Since Rule 10b5-1 was adopted in 2000, various allegations have been made in the media that Rule 10b5-1 permits insider trading abuses by corporate insiders.  The SEC’s enforcement division has reportedly looked at potential abuses.  A study published by a Stanford University School of Business Professor found that trades by executives through Rule 10b5-1 plans had outperformed other trades by executives over the period of the study. In December 2012 the Council of Institutional Investors, a pension fund trade association, urged the SEC to adopt amendments to Rule 10b5-1 – similar to those proposed in the House legislation – that would (1) permit Rule 10b5-1 trading plans to be adopted only during open trading windows under a company's insider trading policy, (2) prohibit multiple, overlapping Rule 10b5-1 trading plans, (3) prohibit trades from occurring for at least three months after the adoption of a Rule 10b5-1 trading plan, (4) prohibit frequent modifications or terminations of Rule 10b5-1 trading plans, (5) require the immediate disclosure of the adoption, modification, or termination of any Rule 10b5-1 trading plan and (6) impose direct responsibility for the oversight of Rule 10b5-1 trading plans on boards of directors.  However, Rule 10b5-1 has never been amended in order to curb the potential abuses.

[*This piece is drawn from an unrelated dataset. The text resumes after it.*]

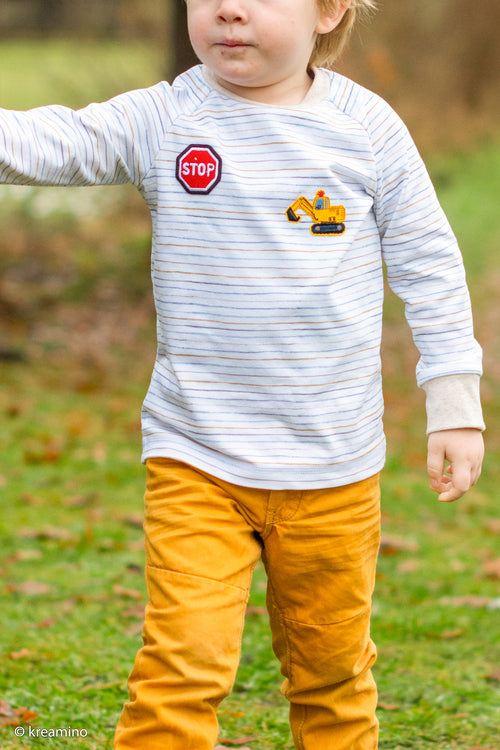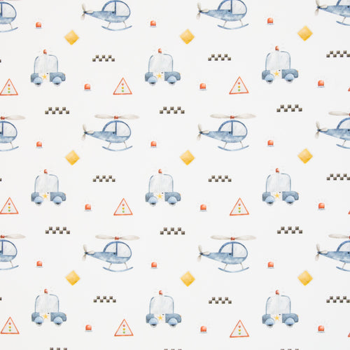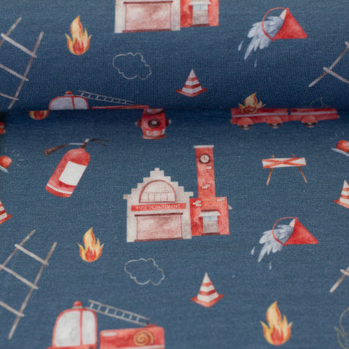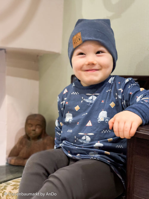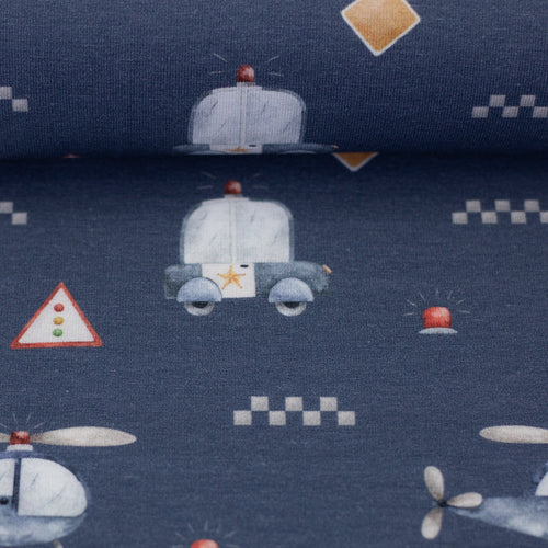 Polizeiauto und Hubschrauber, Löschzug, Feuerlöscher und allerlei Feuerwehrmotive kommen in einer wunderschönen Aquarelloptik auf Baumwolljersey in Jeansblau und Weiß. Dazu passen die schmalen, unregelmäßigen Querstreifen

Having passed the House, the legislation has been referred to the Senate Committee on Banking, Housing, and Urban Affairs. If approved by the Senate and signed by the President, the SEC will have one year from the enactment date to issue its report to Congress.  Following the completion of such study, the SEC would be required to submit proposed rule amendments to Rule 10b5-1 for public notice and comment consistent with the results of the study.